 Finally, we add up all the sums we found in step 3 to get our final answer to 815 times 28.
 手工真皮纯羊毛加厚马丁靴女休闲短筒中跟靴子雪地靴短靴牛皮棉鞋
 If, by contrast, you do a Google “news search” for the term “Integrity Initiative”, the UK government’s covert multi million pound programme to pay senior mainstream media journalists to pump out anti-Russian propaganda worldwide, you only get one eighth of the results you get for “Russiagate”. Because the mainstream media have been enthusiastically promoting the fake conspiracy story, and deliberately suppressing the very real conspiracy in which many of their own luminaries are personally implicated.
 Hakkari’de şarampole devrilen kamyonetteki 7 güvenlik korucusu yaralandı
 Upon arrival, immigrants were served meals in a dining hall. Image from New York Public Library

* * *

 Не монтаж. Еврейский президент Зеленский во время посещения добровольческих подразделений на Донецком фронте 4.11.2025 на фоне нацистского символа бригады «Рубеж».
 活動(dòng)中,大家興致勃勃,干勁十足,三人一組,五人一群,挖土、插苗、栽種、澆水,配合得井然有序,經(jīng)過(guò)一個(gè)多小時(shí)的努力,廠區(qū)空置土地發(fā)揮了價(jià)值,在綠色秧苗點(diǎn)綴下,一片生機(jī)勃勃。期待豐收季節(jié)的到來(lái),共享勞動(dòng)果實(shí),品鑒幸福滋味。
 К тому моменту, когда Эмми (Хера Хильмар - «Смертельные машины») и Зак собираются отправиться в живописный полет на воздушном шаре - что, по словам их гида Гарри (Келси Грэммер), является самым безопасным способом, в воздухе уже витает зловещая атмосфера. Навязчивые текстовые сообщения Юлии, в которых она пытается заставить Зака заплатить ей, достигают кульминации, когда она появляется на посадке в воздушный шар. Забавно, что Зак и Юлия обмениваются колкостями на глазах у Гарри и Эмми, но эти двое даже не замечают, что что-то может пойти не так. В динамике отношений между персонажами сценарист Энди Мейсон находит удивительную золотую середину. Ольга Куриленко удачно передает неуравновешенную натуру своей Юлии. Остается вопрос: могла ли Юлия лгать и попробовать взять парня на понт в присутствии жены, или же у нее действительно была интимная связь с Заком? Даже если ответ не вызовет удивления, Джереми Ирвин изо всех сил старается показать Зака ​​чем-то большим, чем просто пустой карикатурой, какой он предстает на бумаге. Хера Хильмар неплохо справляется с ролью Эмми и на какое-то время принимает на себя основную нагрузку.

● **PROBLEM DETAILS**:
Retype exactly the lines above, from the one with "手工真皮纯羊毛加厚马丁靴女休闲短筒中跟靴子雪地靴短靴牛皮棉鞋" through the one with "Upon arrival, immigrants", inclusive.

● **FINISHED EXERCISE**:
 手工真皮纯羊毛加厚马丁靴女休闲短筒中跟靴子雪地靴短靴牛皮棉鞋
 If, by contrast, you do a Google “news search” for the term “Integrity Initiative”, the UK government’s covert multi million pound programme to pay senior mainstream media journalists to pump out anti-Russian propaganda worldwide, you only get one eighth of the results you get for “Russiagate”. Because the mainstream media have been enthusiastically promoting the fake conspiracy story, and deliberately suppressing the very real conspiracy in which many of their own luminaries are personally implicated.
 Hakkari’de şarampole devrilen kamyonetteki 7 güvenlik korucusu yaralandı
 Upon arrival, immigrants were served meals in a dining hall. Image from New York Public Library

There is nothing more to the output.